**TASK DETAILS:** Every line below from the one with "Teclado espanhol/castelhano para" through the one with "ESP Original Series" is to be repeated exactly, with no picture among them.

**EXTRACTED ENTRIES:**
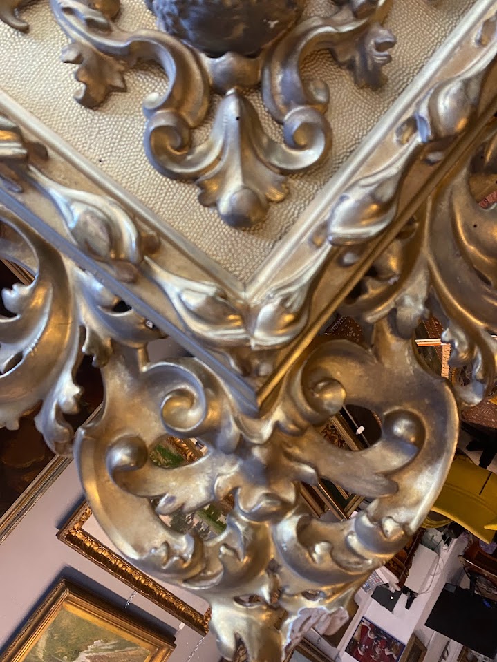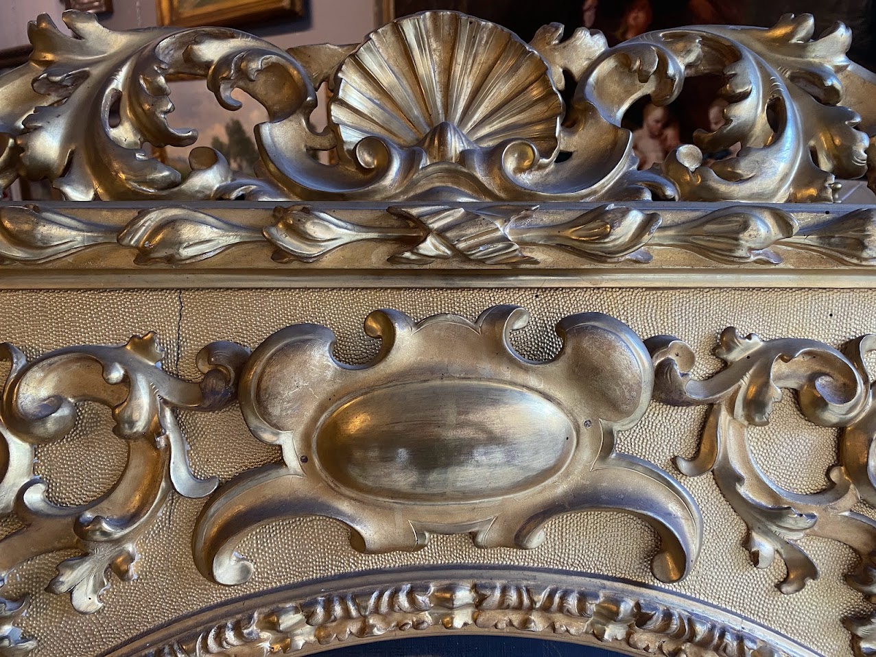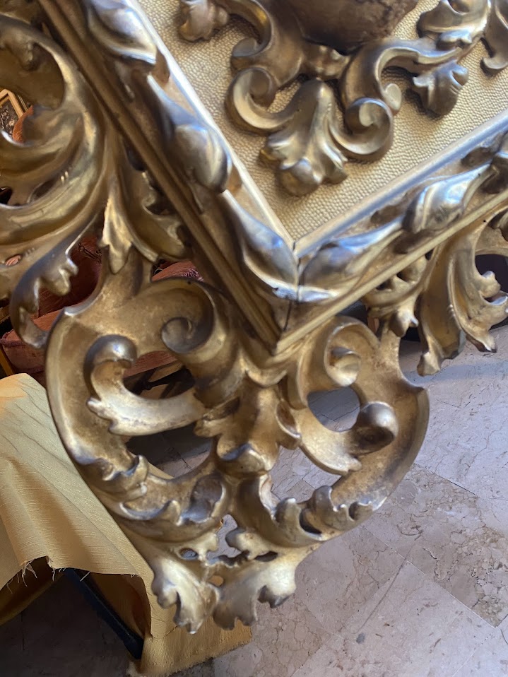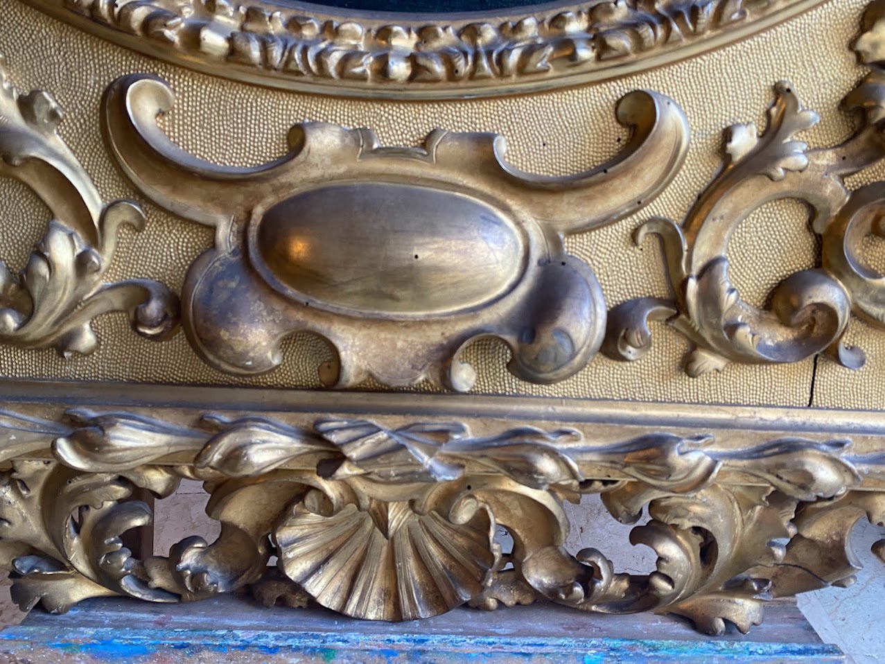 Olio su tela raffigurante “Madonna della seggiola” con importante cornice in legno intagliata e dorata del XIX secolo.
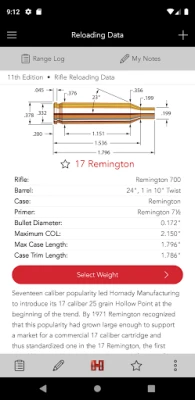 Derived from extensive testing by Hornady Manufacturing Company, this app includes reloading data for over 200 cartridges and 300 bullets. Under carefully controlled conditions using the components and test equipment specified, we report only data that proved safe in our research. Users have the ability to purchase data for individual cartridges, purchase the whole current edition of the handbook, or subscribe and receive the entire handbook plus more. Subscription provides access to all handbook data on your mobile device and real updates for all new data without waiting for the new handbook publication to be produced.
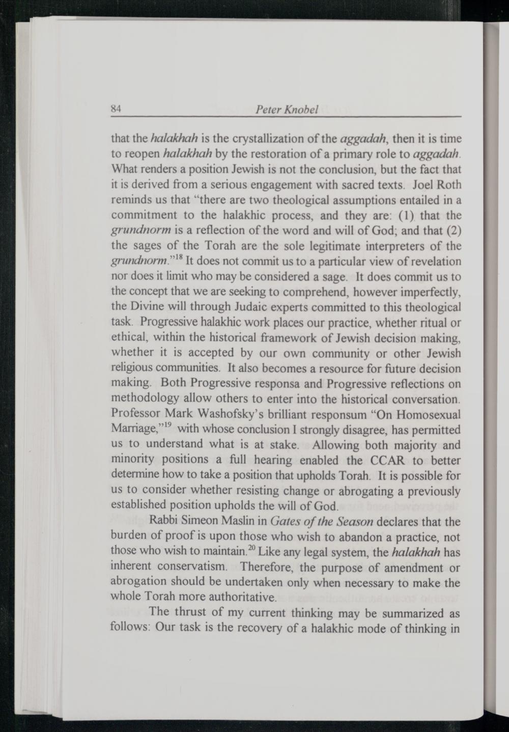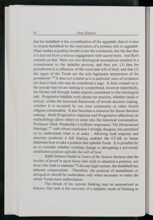 that the halakhah is the crystallization of the aggadah, then it is time to reopen halakhah by the restoration of a primary role to aggadah What renders a position Jewish is not the conclusion, but the fact that it 1s derived from a serious engagement with sacred texts. Joel Roth reminds us that“there are two theological assumptions entailed in a commitment to the halakhic process, and they are:(1) that the grundnorm is a reflection of the word and will of God ; and that(2) the sages of the Torah are the sole legitimate interpreters of the grundnorm.”'® It does not commit us to a particular view of revelation nor does it limit who may be considered a sage. It does commit us to the concept that we are seeking to comprehend, however imperfectly, the Divine will through Judaic experts committed to this theological task. Progressive halakhic work places our practice, whether ritual or ethical, within the historical framework of Jewish decision making, whether it is accepted by our own community or other Jewish religious communities. It also becomes a resource for future decision making. Both Progressive responsa and Progressive reflections on methodology allow others to enter into the historical conversation. Professor Mark Washofsky’s brilliant responsum“On Homosexual Marriage,”"” with whose conclusion I strongly disagree, has permitted us to understand what is at stake. Allowing both majority and minority positions a full hearing enabled the CCAR to better determine how to take a position that upholds Torah . It is possible for us to consider whether resisting change or abrogating a previously established position upholds the will of God .
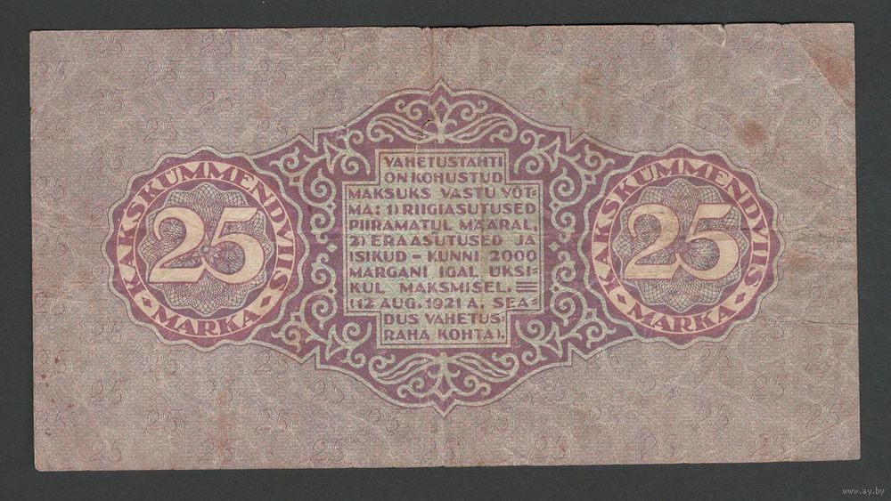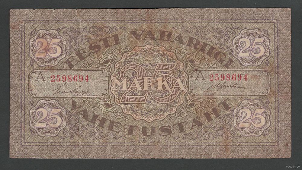 Эстония 25 марок 1922 года. Тип Р-54c. Состояние VF+
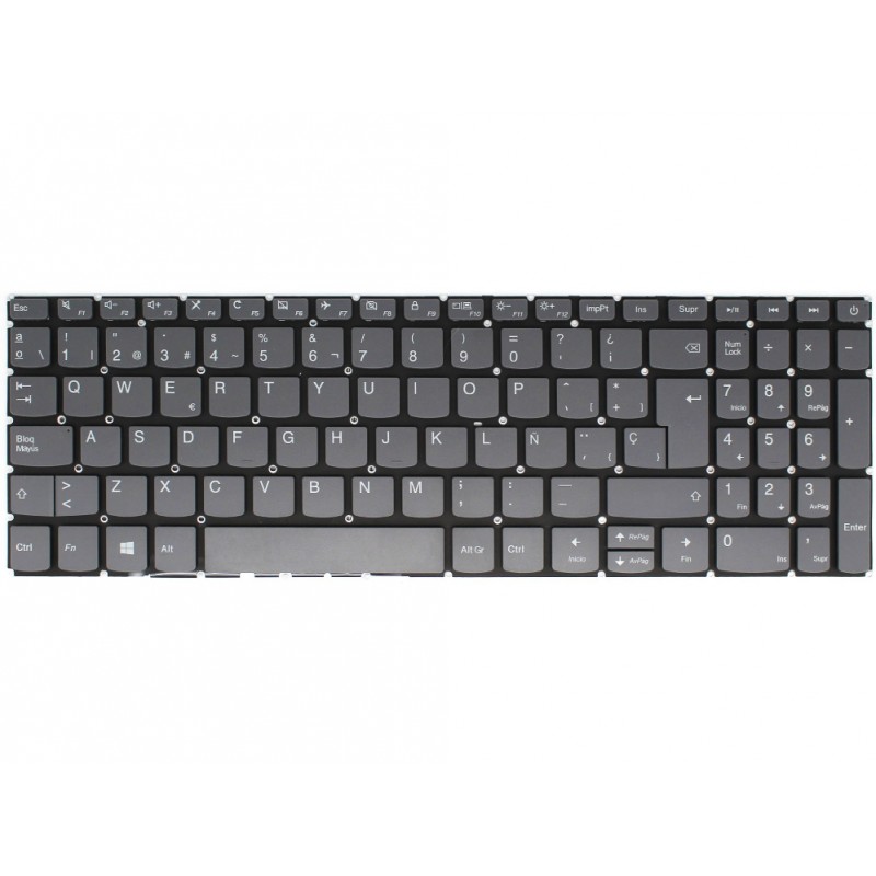 Teclado espanhol/castelhano para portátil Lenovo, modelo cinzento, sem moldura e não retroiluminado.
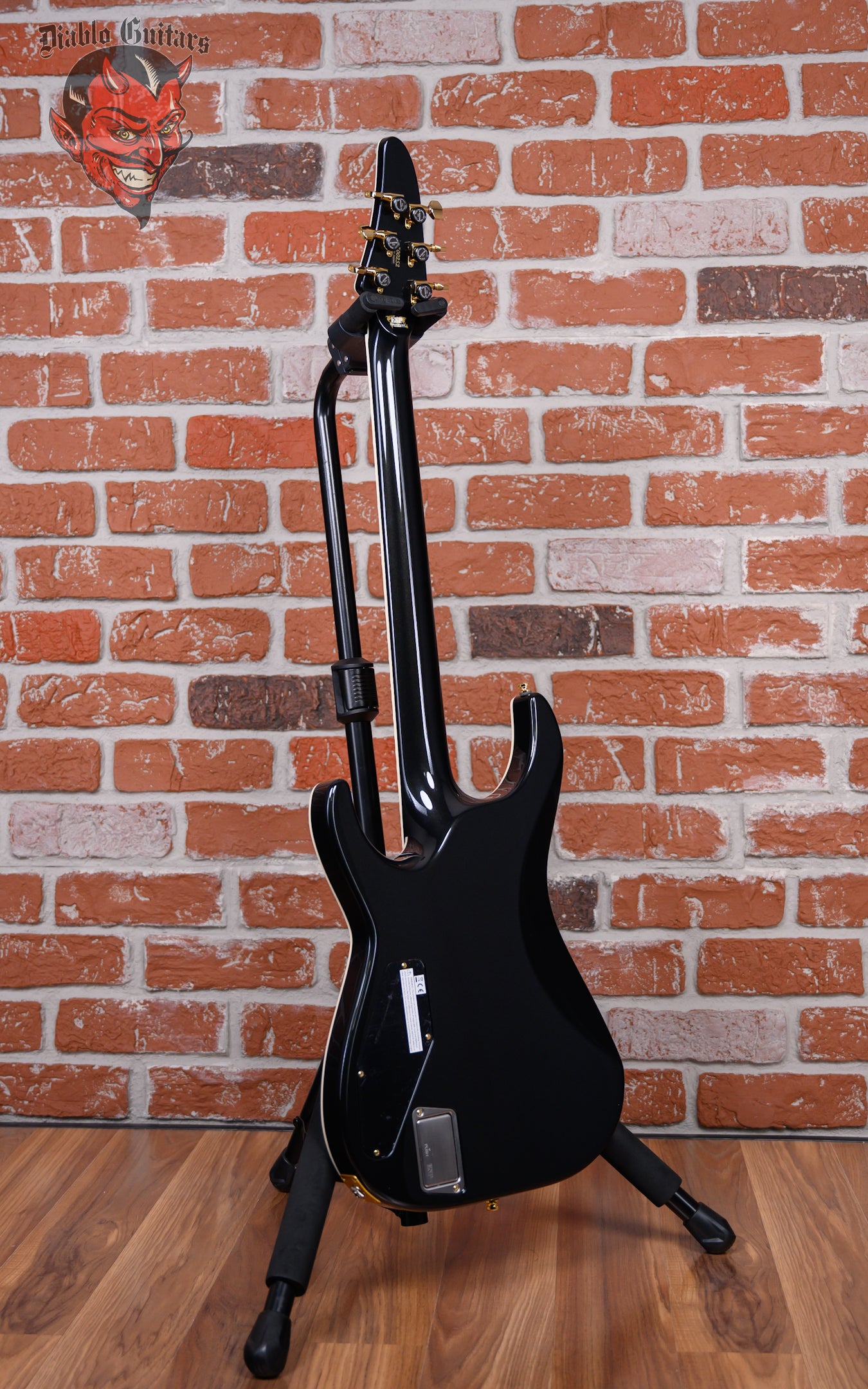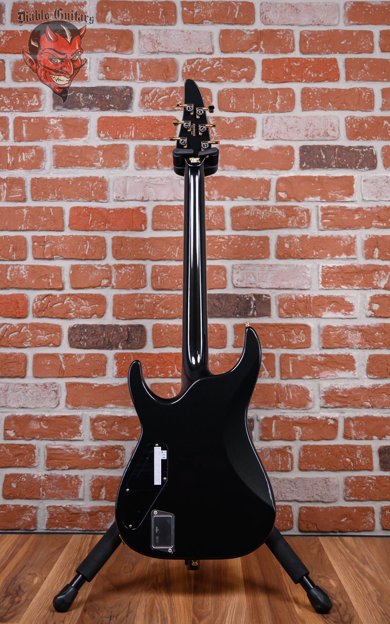 ESP Original Series Horizon PT/ NT in Obsidian finish made in 2025 with Original Hard Shell Case. This guitar features a Solid Mahogany body with a bound Maple top, 3-Piece Maple neck-thru and bound Ebony fingerboard with a Bound/Color Matched headstock. Equipped with a pair of brushed gold EMG Het Set humbuckers in the neck position and bridge position. Controlled by 1 Volume, 1 Tone pot and a 3-Way Toggle Switch. The 25.5" scale length neck has Mother of Pearl/ Recon Stone Double Stripes inlays and Luminlay side markers with 24 Extra Jumbo Stainless Steel frets on a 305mm radius with a Thin U profile. The hardware is comprised of Gold Gotoh Magnum Lock-Trad tuning machines with Cloche heads, a Carbon Fiber nut, a Tone Pros Tone Pros T3BT bridge with Gotoh 510FA tailpiece and Gold Knurled Dome knobs.
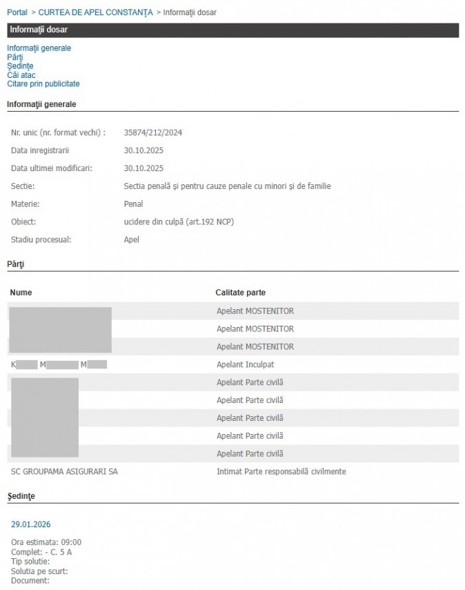 Hotărârea a fost contestată de către toate părțile implicate în dosar, cu excepția părții responsabile civilmente, fapt pentru care Curtea de Apel Constanța va lua decizia finală, în cauză.
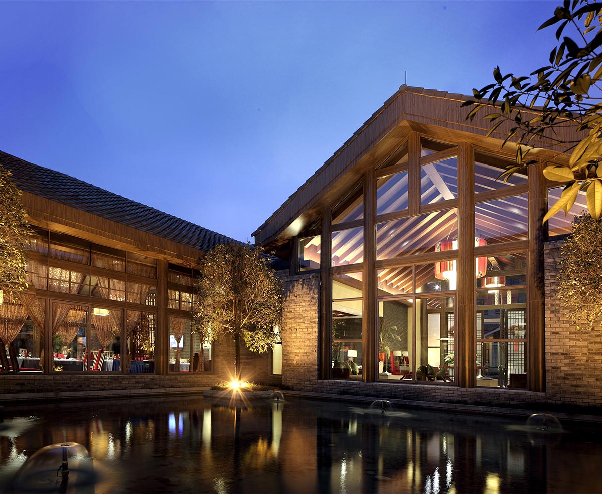 建筑布局和形態(tài)塑造借鑒四川當?shù)亟ㄖ木?,充分體現(xiàn)新津的文脈特征和風土人情為當?shù)刎Q立高標準的豪華酒店建筑標桿,成為當?shù)刂匾某鞘信涮坠?jié)點。

**TASK SOLUTION:**
 Teclado espanhol/castelhano para portátil Lenovo, modelo cinzento, sem moldura e não retroiluminado.
 ESP Original Series Horizon PT/ NT in Obsidian finish made in 2025 with Original Hard Shell Case. This guitar features a Solid Mahogany body with a bound Maple top, 3-Piece Maple neck-thru and bound Ebony fingerboard with a Bound/Color Matched headstock. Equipped with a pair of brushed gold EMG Het Set humbuckers in the neck position and bridge position. Controlled by 1 Volume, 1 Tone pot and a 3-Way Toggle Switch. The 25.5" scale length neck has Mother of Pearl/ Recon Stone Double Stripes inlays and Luminlay side markers with 24 Extra Jumbo Stainless Steel frets on a 305mm radius with a Thin U profile. The hardware is comprised of Gold Gotoh Magnum Lock-Trad tuning machines with Cloche heads, a Carbon Fiber nut, a Tone Pros Tone Pros T3BT bridge with Gotoh 510FA tailpiece and Gold Knurled Dome knobs.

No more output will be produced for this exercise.